I/O and utilities for the Consensus Multiple Alignment (CMA) file format.

Consensus Multiple Alignment format, using Biopython alignments.

I/O support and relevant functionality for the Consensus Alignment Format (CMA). This format represents protein sequence alignments. It is used by a few tools by Dr. Andrew F. Neuwald, notably CHAIN and MAPGAPS.

Biopython objects and conventions are used where possible.

Installation

This is an ordinary Python package. You can install it from source with the setup.py script:

python setup.py build
python setup.py install

Stable releases are uploaded to PyPI as well, so you can install BioFrills with Python package managers:

pip install biofrills

Or:

easy_install biofrills

Some scripts that I find useful are in the scripts/ directory. By default these are not installed, but you can include them by uncommenting the line in setup.py that starts with scripts=glob

Alternatively, you can just copy those scripts into another directory in your \$PATH.

What can the CMA format do for me?

• Like the A2M and Stockholm formats, alignments are shown with insertions as lowercase characters and deletions are dashes

• Like the A3M format, alignments are pairwise versus a profile (or “consensus” sequence), which also dictates which sites are indels. By compressing the insert columns, a large of alignment of many divergent (but related) sequences can be shown without filling it will mostly gap characters, as Stockholm can.

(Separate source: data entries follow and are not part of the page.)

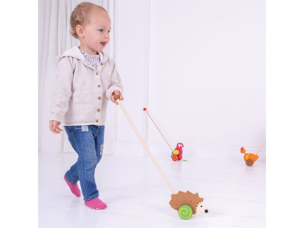 Rovnováha a pohyb jsou dovednosti, které dětem tento jezdík pomůže rozvinout. Držadlo je zakončeno kuličkou, lze jej tedy jednoduše uchopit. Děti mohou ježka strkat nebo tahat doma i venku. Tato hračka podporuje děti v chůzi a porozumění příčině a následku. Vyrobeno z kvalitních materiálů ze zodpovědných zdrojů. Splňuje evropské bezpečnostní standardy. Hlavní vlastnosti: podporuje pohybovou aktivitu rozvíjí rovnováhu zábavnou formoupogumovaná kolečka pro tichý chod na pevných podlaháchDoplňkové parametry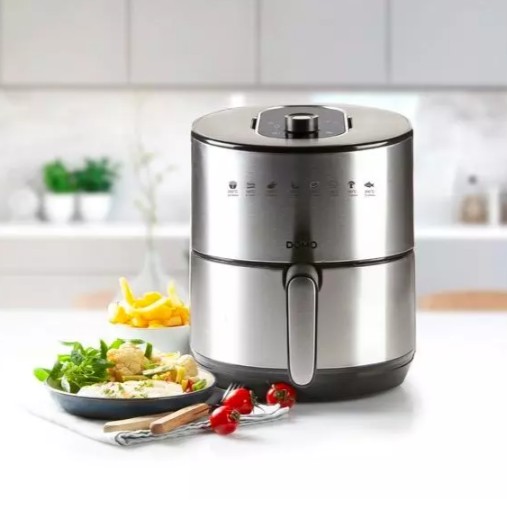 Digitální horkovzdušná fritéza DOMO DO530FR by rozhodně neměla chybět v žádné domácnosti. Spotřebič v nerezovém provedení se hodí nejen pro fritování hranolek bez oleje, ale také grilování masa, pečení chleba nebo třeba rozmrazování jídel. Fritovací koš nabízí kapacitu až 4 l a vejde se do něj až 1,2 kg potravin.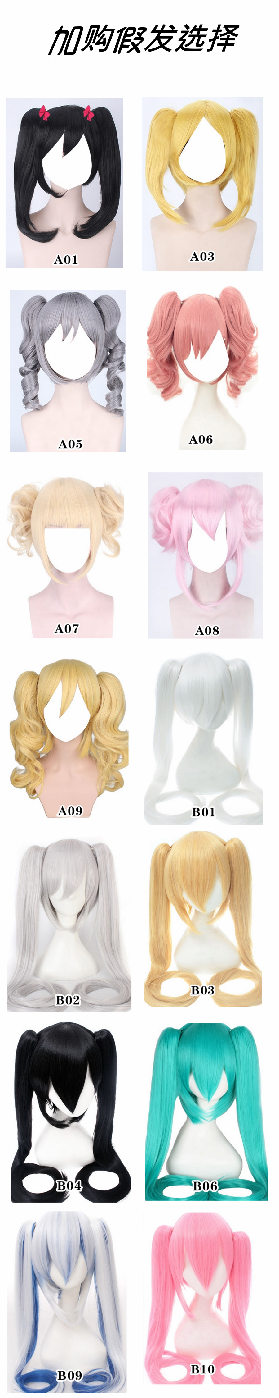1.尺寸選項中,可點選同照片所有配置(身型/眼珠/假髮/膚色)。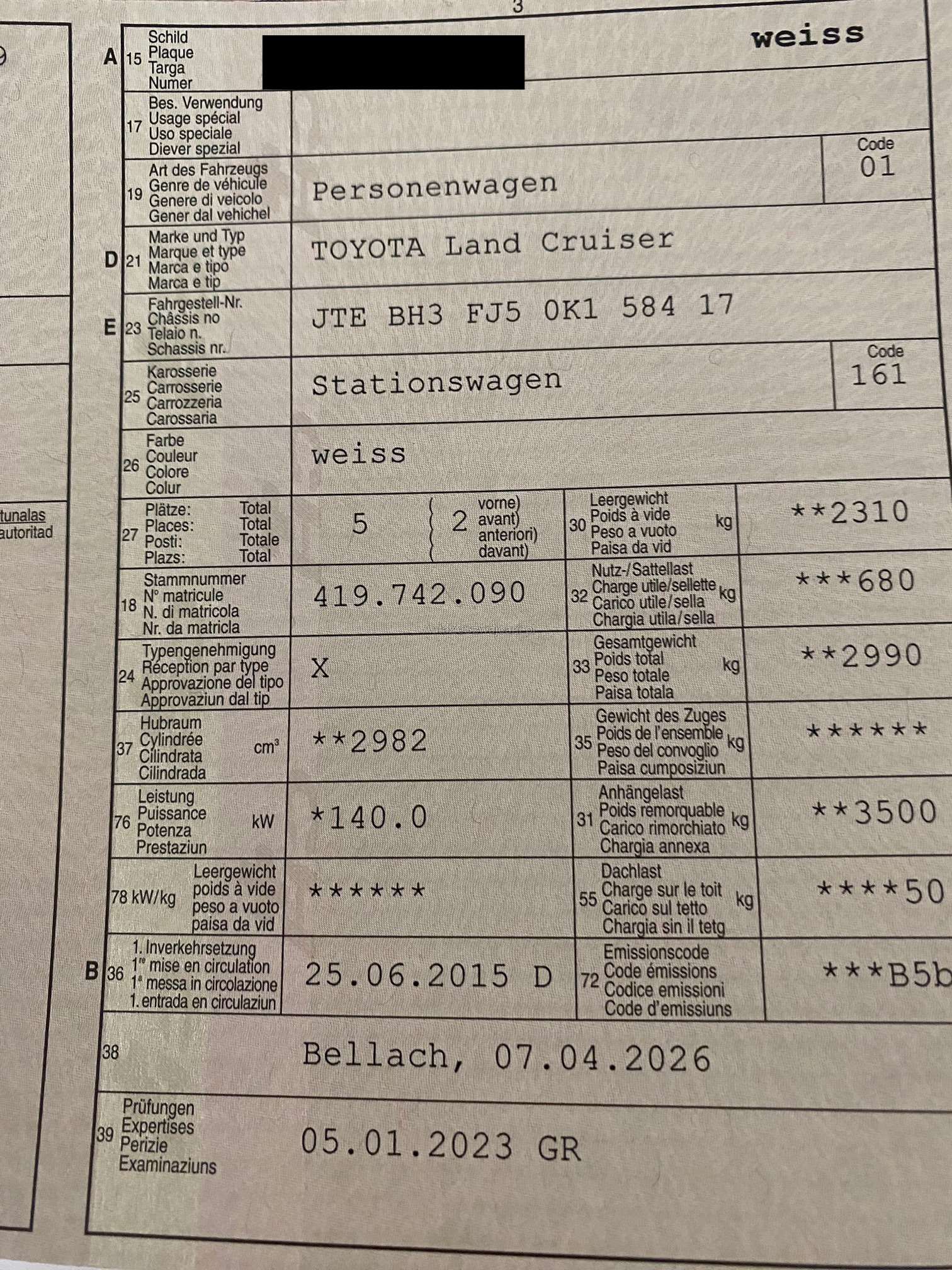 | Letzte Inspektion | 2023-01-01 |

• Like Stockholm, but unlike A2M and A3M, more than one alignment can be contained in a single file.

• Typically, an ungapped consensus sequence will be included as the first sequence.

• A FASTA-like header contains additional, optional fields for the number of leading and trailing sites and NBCI taxonomy codes

Who uses CMA?

The CMA format appears to have been invented by Dr. Andrew Neuwald at the University of Maryland, and is used in these programs:

Should I use CMA in my own work?

Unless you’re working with MAPGAPS or CHAIN, no.